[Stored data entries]
++++++
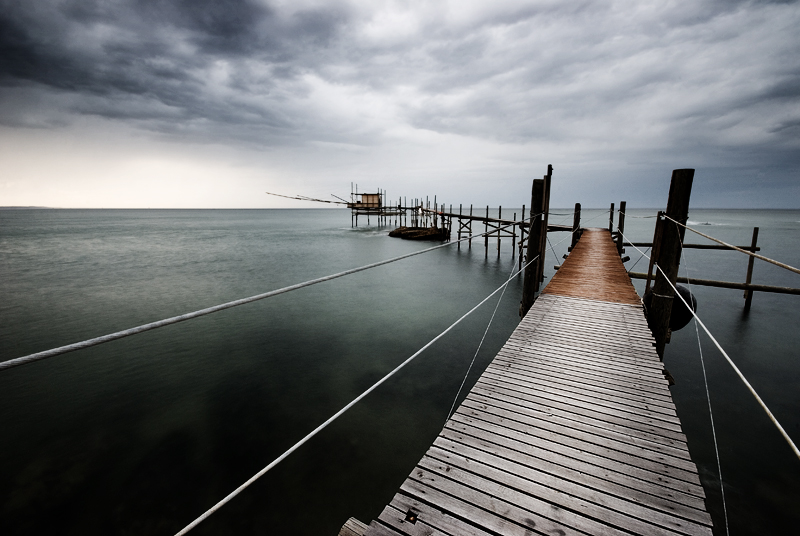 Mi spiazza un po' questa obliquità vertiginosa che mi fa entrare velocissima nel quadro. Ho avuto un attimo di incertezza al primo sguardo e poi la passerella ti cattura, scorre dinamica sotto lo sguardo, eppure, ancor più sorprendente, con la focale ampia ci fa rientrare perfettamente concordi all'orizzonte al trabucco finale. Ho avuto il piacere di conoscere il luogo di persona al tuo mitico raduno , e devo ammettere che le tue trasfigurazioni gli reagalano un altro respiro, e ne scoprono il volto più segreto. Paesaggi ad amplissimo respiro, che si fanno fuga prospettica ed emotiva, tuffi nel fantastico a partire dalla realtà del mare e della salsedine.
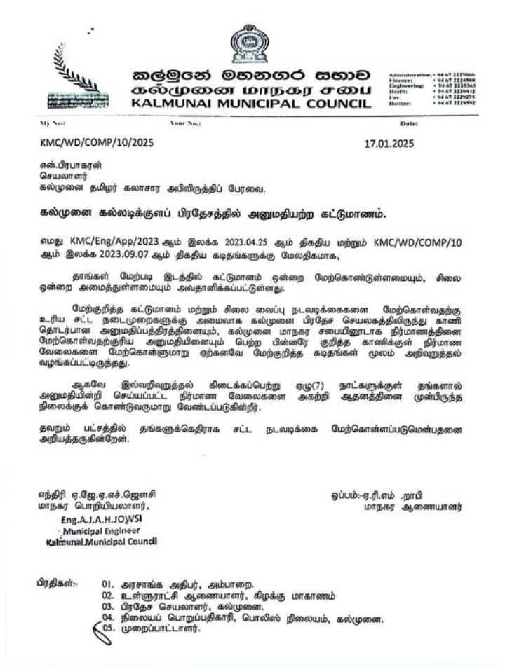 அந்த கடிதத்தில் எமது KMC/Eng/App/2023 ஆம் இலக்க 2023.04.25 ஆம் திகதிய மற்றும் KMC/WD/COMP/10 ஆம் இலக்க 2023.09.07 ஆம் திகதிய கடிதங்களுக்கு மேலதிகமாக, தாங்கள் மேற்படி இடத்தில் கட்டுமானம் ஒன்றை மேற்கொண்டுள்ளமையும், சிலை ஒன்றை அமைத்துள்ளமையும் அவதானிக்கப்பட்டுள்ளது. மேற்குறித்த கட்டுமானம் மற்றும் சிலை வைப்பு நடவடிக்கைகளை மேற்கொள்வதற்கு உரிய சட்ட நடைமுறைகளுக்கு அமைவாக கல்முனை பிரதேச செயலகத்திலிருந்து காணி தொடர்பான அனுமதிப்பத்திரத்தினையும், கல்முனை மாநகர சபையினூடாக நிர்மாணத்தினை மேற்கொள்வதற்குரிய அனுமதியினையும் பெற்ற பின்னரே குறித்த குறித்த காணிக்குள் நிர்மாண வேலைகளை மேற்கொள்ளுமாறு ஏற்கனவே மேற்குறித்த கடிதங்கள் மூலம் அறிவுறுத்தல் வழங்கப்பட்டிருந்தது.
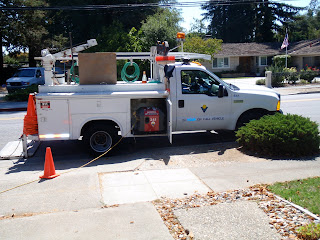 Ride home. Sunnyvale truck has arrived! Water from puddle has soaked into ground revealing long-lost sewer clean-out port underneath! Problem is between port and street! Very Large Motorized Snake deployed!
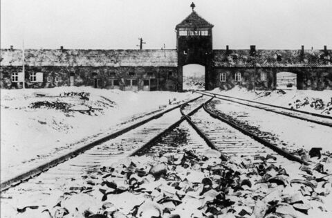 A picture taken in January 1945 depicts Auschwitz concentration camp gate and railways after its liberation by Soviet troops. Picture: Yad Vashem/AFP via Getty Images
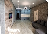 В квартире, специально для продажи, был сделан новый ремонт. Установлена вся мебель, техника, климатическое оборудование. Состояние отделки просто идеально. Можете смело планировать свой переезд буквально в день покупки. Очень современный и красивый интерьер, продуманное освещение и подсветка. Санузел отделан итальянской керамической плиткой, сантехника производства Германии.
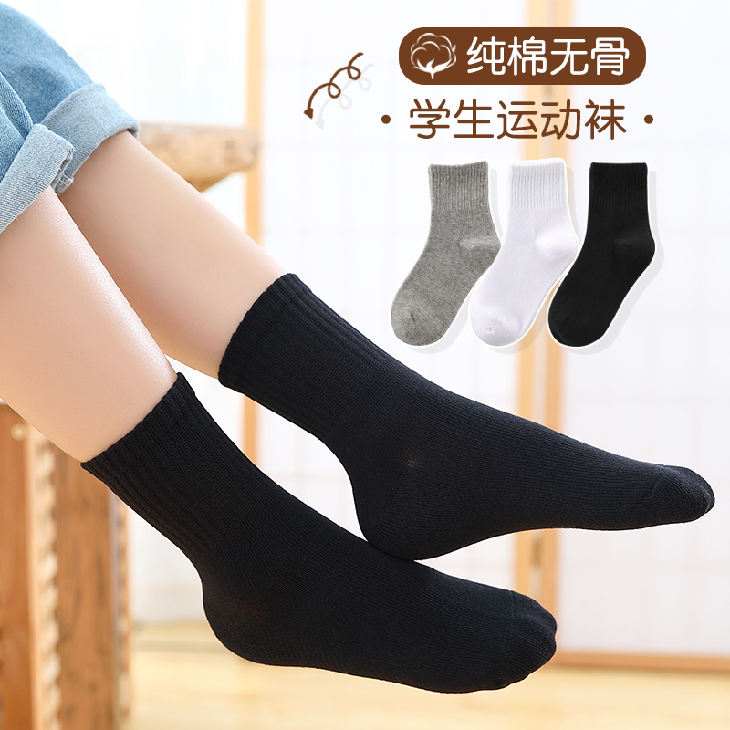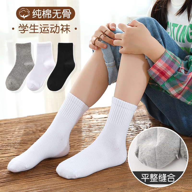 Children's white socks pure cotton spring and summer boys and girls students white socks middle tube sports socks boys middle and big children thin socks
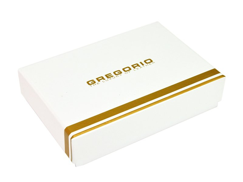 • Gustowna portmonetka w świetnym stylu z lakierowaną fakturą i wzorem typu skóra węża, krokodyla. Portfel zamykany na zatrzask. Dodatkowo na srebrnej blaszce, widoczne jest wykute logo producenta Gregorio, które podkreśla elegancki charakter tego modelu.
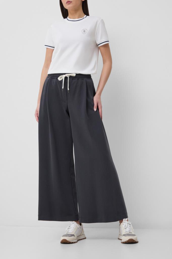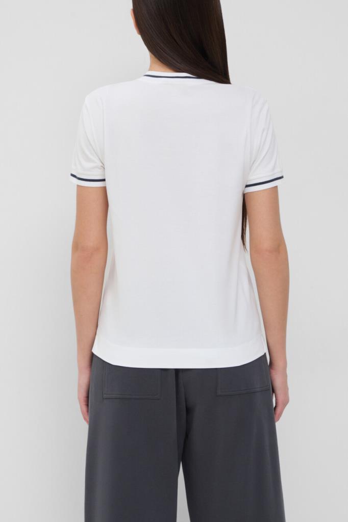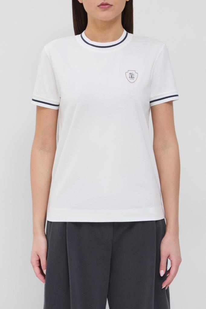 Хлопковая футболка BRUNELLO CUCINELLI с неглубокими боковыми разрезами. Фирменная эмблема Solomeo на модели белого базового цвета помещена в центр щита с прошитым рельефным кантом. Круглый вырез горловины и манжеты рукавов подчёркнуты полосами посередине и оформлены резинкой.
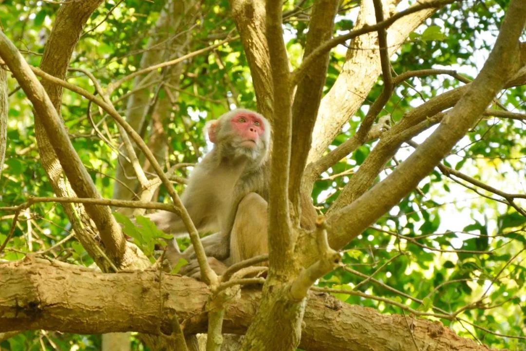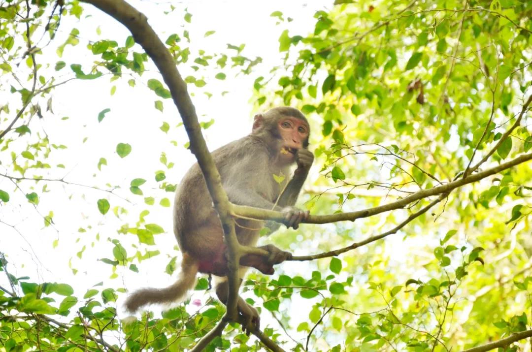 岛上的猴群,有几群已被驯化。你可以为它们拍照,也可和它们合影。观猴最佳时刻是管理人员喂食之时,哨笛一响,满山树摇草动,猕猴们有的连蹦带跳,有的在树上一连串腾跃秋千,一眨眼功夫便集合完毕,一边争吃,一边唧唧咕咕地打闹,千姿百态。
++++++
_What you need to do:_ Only an exact copy of the lines from the top of the entries through the line with "Ride home. Sunnyvale", both included, should be given, with all pictures omitted.

_Answer for this exercise:_
 Mi spiazza un po' questa obliquità vertiginosa che mi fa entrare velocissima nel quadro. Ho avuto un attimo di incertezza al primo sguardo e poi la passerella ti cattura, scorre dinamica sotto lo sguardo, eppure, ancor più sorprendente, con la focale ampia ci fa rientrare perfettamente concordi all'orizzonte al trabucco finale. Ho avuto il piacere di conoscere il luogo di persona al tuo mitico raduno , e devo ammettere che le tue trasfigurazioni gli reagalano un altro respiro, e ne scoprono il volto più segreto. Paesaggi ad amplissimo respiro, che si fanno fuga prospettica ed emotiva, tuffi nel fantastico a partire dalla realtà del mare e della salsedine.
 அந்த கடிதத்தில் எமது KMC/Eng/App/2023 ஆம் இலக்க 2023.04.25 ஆம் திகதிய மற்றும் KMC/WD/COMP/10 ஆம் இலக்க 2023.09.07 ஆம் திகதிய கடிதங்களுக்கு மேலதிகமாக, தாங்கள் மேற்படி இடத்தில் கட்டுமானம் ஒன்றை மேற்கொண்டுள்ளமையும், சிலை ஒன்றை அமைத்துள்ளமையும் அவதானிக்கப்பட்டுள்ளது. மேற்குறித்த கட்டுமானம் மற்றும் சிலை வைப்பு நடவடிக்கைகளை மேற்கொள்வதற்கு உரிய சட்ட நடைமுறைகளுக்கு அமைவாக கல்முனை பிரதேச செயலகத்திலிருந்து காணி தொடர்பான அனுமதிப்பத்திரத்தினையும், கல்முனை மாநகர சபையினூடாக நிர்மாணத்தினை மேற்கொள்வதற்குரிய அனுமதியினையும் பெற்ற பின்னரே குறித்த குறித்த காணிக்குள் நிர்மாண வேலைகளை மேற்கொள்ளுமாறு ஏற்கனவே மேற்குறித்த கடிதங்கள் மூலம் அறிவுறுத்தல் வழங்கப்பட்டிருந்தது.
 Ride home. Sunnyvale truck has arrived! Water from puddle has soaked into ground revealing long-lost sewer clean-out port underneath! Problem is between port and street! Very Large Motorized Snake deployed!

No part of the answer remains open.